Carp are notoriously spooky, and in shallow water canals, their skittishness is turned up. Successful anglers use stealth tactics like tying ultra finesse rigs and utilizing the few surrounding shadows from overpasses or bridges to help stay out of view. Most people use corn, bread, worms, fly fishing gear, or European-inspired carp rigs.
2) Fishing Phoenix: If You Stock It, Anglers Will Come
The Phoenix metro area is blessed with ample park space, and within many of those parks, you’ll see 1-5 acre ponds. Some have fountains, others cascading waterfalls, but most are a bit more modest, lined with palm trees and a cement perimeter that reminds you of a swimming pool. While these places don’t scream “natural,” they are filled with fishing opportunities and passionate anglers excited to wet a line.
Arizona Game and Fish developed the Community Fishing Program with the vision to enhance urban fishing throughout Arizona. This program stocks roughly 40 ponds throughout the year with catfish and trout.

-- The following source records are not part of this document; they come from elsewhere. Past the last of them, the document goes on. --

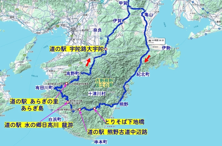 大型バイクは、タイヤ交換待ち状態で乗れないので、250ccのオフロードバイクで、500km&10時間以上の以下のルートに強引に出発しました。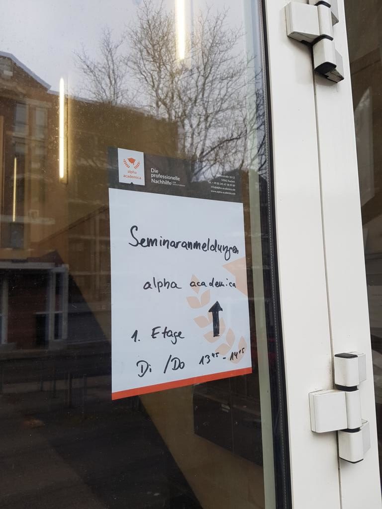 Der genaue Ort der Anmeldung ist an der Glastür (1.Etage, rechts) ausgeschildert. Dort müsst ihr dann nur noch ein Formular ausfüllen. Die Rechnung werdet ihr kurz darauf per Mail erhalten, sofern noch Plätze für das Seminar vorhanden sind. Hierbei richten wir uns nach 1) Eingang der E-Mail 2) Datum der schriftlichen Vor-Ort-Anmeldung.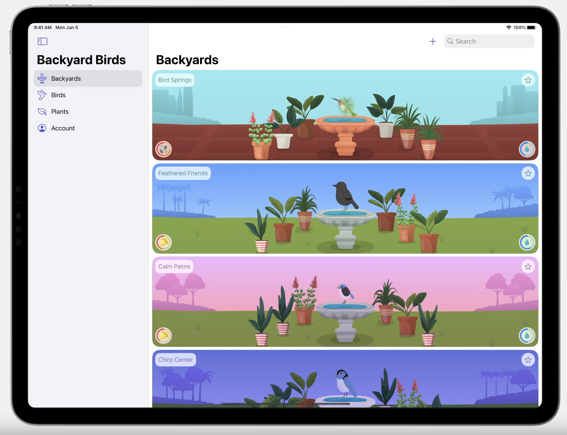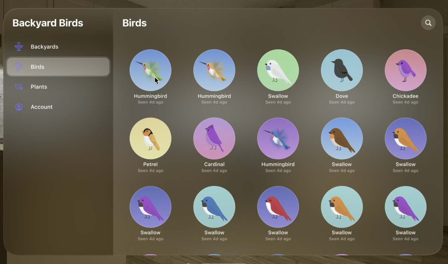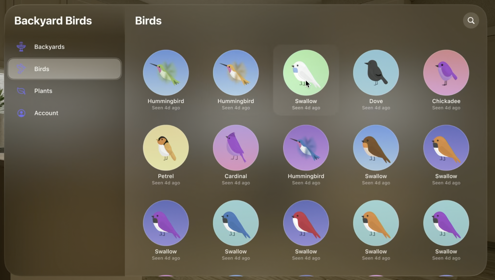 이 새에 대한 앱을 이용해 볼 것이다. 이 앱은 SwiftUI로 작성되었으며 multiplatform 앱에 대한 좋은 예시이다. 이 앱은 iPhone, iPad, Mac, Apple Watch를 지원한다. 이제 Bird가 shared space에서 노래하도록 만들어보자.

Their mantra is,“‘If people can’t get to the fish, we’ll bring the fish to the people.” Participating anglers must have a community fishing license, but about 70% of that license cost goes directly back to the stocking program.

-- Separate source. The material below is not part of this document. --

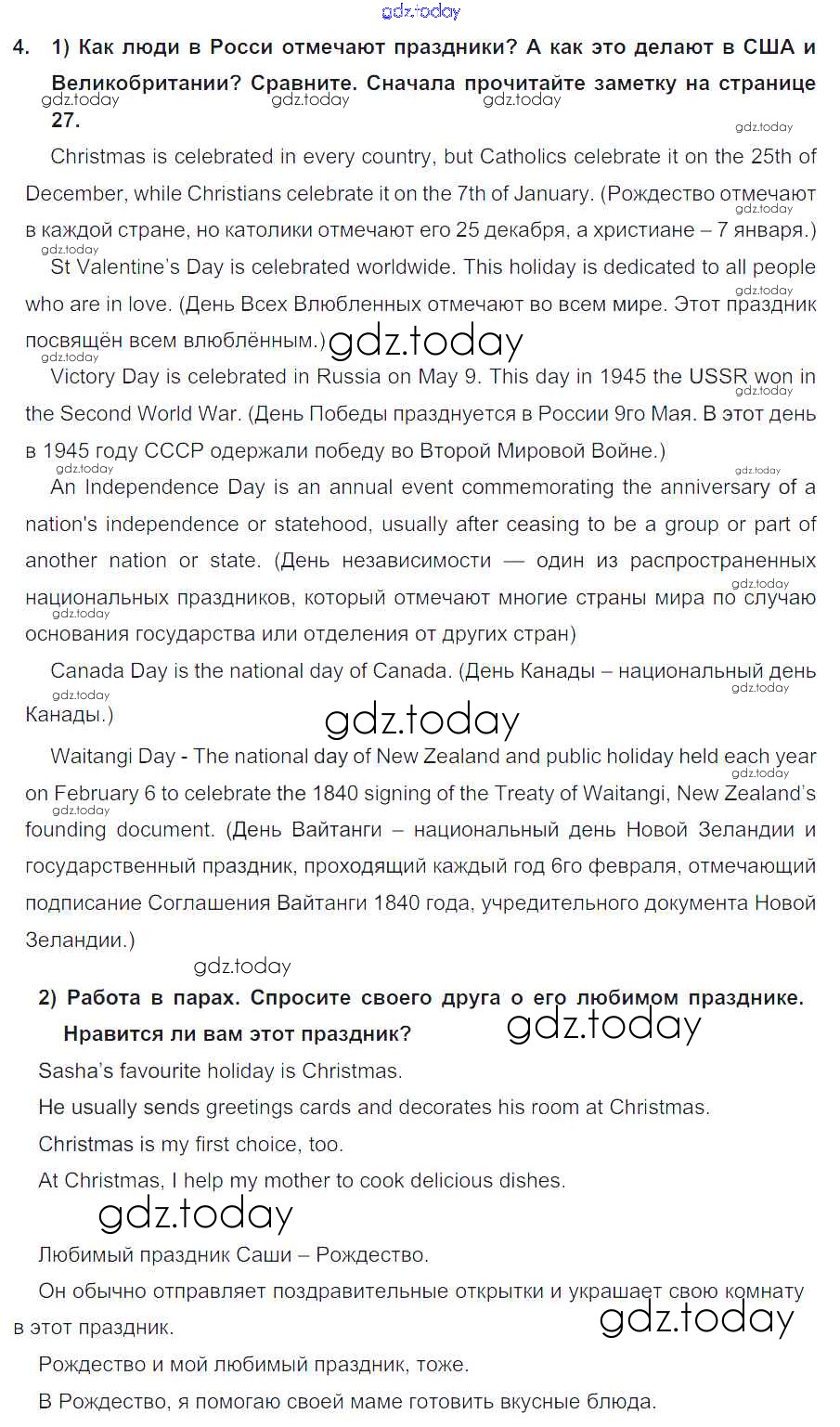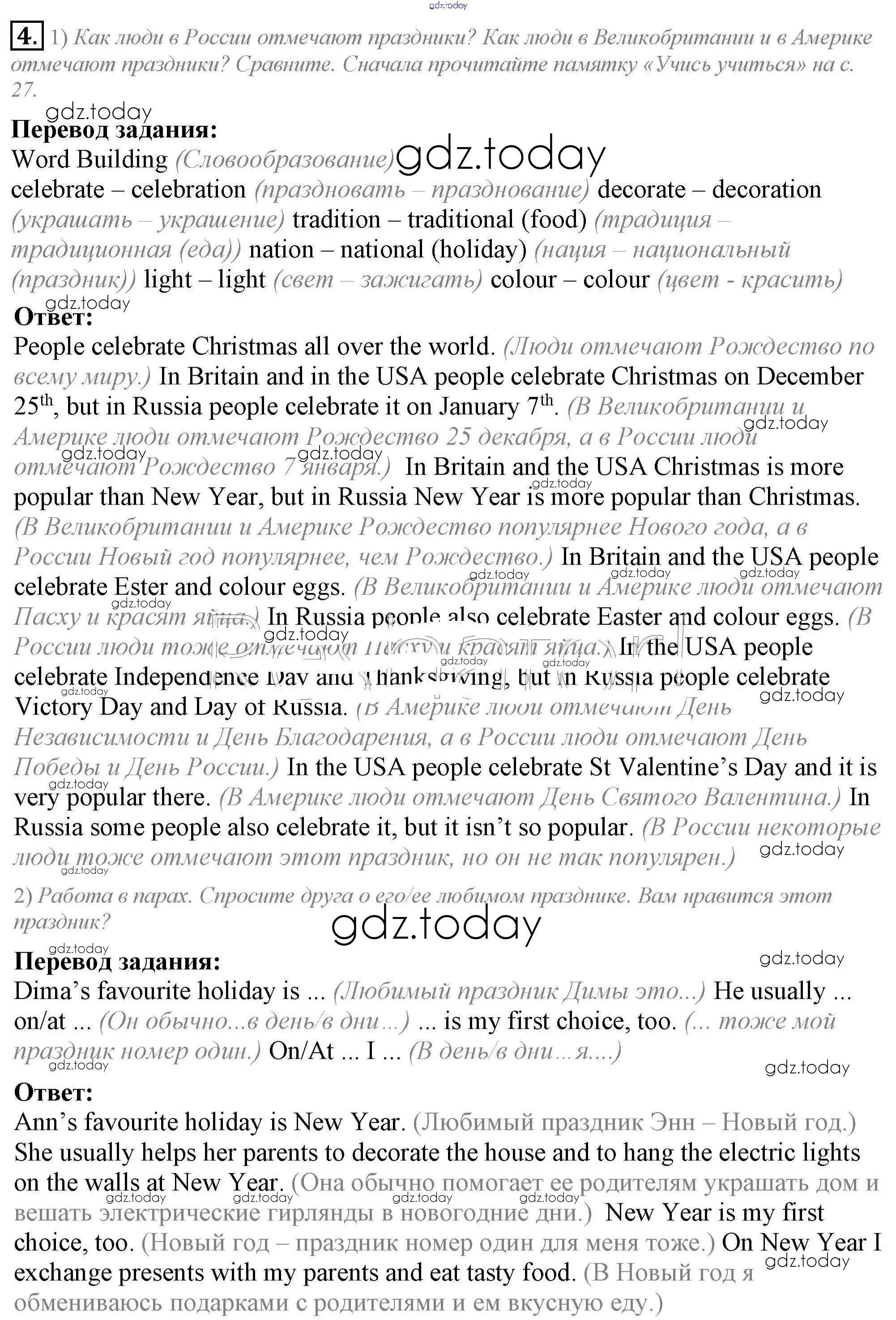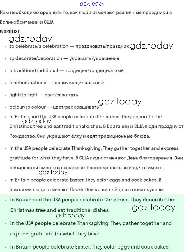 На страницах сайта gdz.today вы найдете учебный и вспомогательный материал, направленный на улучшения знаний школьной программы. ГДЗ - онлайн мир знаний Lesson 1. What is your favourite holiday? Решение к Unit 5. My favourite celebrations 4 Учебнику по Английскому языку для 5 класса Кузовлев, Лапа Просвещение УМК 2015

I spoke with anglers in the area fishing for trout, and almost every one of them knew the precise stocking days for lakes they’d be fishing. All stocking information is available on the AZGFD website. There was a stocking scheduled for the pond 2 miles away anytime between 2/8-2/12. Last night (2/11), I cruised over there on my bike and chatted with some anglers, and according to everyone I talked to, the bite was real slow. This makes me think the trout truck might be dumping a load of freshly farm-raised fish sometime today. This makes my after-work plans very easy.
3) Fishing Phoenix: Private Pond Honey Holes
The Phoenix area is a sprawling spread of strip malls, subdivisions, and well-manicured roads. And the first two things on that list are often linked with quality fishing. Around here, many subdivisions or strip malls have either a retention pond or recreational lake. Some of these spaces are private or require permission from a resident, but others are open to the public. Private ponds seem to give anglers the best opportunity to catch quality bass in the metro area.
Wrapping Things Up
While this write-up didn’t highlight any storied catches, I hope that this simple approach of breaking down a new area helps make your future fishing trips a little bit easier. Do your research, and don’t be afraid to speak with local anglers. Please don’t ask them where they are catching them, but it’s ok to ask them what they are catching them on. Be curious but respectful at the same time. Tight lines!